Sonra aklına Yaren geldi onu ertelemeyecekti. Onu sonralara atmayacaktı. Onu kaybetmeyecekti, ne olursa olsun. Baba olmak için başka bahar olmasa da aşk için şimdi bahardı işte. Şimdi aşkın mevsimiydi. Sonra Yaren’i merak etti, nerede kalmıştı acaba diye düşündü. Bu gün büyük gündü, süprizleri vardı. Yarenin odasına gitti kapıyı tıklattı. İçeriden Yaren’in kadife gibi yumuşak, bülbül gibi neşeli sesi geldi ‘’Kim o’’ dedi. Rıdvan, ‘’Benim’’ dedi. Etrafına bakındı, kimsenin duymayacağından emin olup, ‘’Seni kaçıracak adam’’. Kapı açıldı, Yaren’in yüzünde muzır bir tebessüm vardı. ‘’Sende kaçırmama gönüllü gibisin hı’’dedi Yaren’e. Yaren, ‘’Kim bilir belki öyle, belki de değil’’, dedi. İkisinde de az sonra yaramazlık yapacak çocukların muzır ifadeleri vardı yüzlerinde.

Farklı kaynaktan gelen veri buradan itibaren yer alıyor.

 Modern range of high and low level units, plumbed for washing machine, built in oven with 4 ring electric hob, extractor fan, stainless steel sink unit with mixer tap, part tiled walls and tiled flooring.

Rıdvan,’’ Erken çıkalım, öğleden sonra saat iki gibi olur mu?’’ dedi. Yaren ise ‘’Akşam değil mi konser’’. Rıdvan ‘’Akşam değil saat dörtte önce konsere gideriz sonra, sonra SÜPRİZ’’. Yaren’’ Ah tabi ya sürpriz ne olduğunu söylemediniz ya aşk olsun size’’. ‘’Aşk olsun tabii ki, istediğimde o’’, dedi Rıdvan. Yaren’in yanakları kızardı, içinden’’Utandın mı liseli aşık’’ dedi. Bir yandan da kahvaltı tabaklarını almışlar boş bir masaya oturmuşlardı.

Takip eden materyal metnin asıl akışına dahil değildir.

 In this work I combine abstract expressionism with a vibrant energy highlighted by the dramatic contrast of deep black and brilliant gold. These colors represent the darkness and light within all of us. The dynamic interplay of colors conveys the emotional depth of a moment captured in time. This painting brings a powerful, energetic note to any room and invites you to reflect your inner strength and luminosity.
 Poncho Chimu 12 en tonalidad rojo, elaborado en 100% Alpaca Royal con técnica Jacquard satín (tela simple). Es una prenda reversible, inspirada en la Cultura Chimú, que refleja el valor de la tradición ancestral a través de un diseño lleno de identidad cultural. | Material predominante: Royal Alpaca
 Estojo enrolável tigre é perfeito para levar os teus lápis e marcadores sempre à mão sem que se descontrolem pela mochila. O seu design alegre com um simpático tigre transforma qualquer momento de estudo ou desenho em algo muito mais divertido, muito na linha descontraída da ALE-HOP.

Yaren kahvaltıdan sonra hazırlanmaya başlayacağını söyledi. Kahvaltılarını ettiler, üzerine birde karşılıklı keyif çayı içtiler. Yaren, ‘’Müdüre söyleyeceksin değil mi?’’ diye sordu. Rıdvan, ‘’Evet söyleyeceğim,haberi olsun merak eder’’, dedi. Birlikte masadan kalktılar.
Yaren hazırlanmak için odasına Rıdvan ise Müdürün odasına gitti.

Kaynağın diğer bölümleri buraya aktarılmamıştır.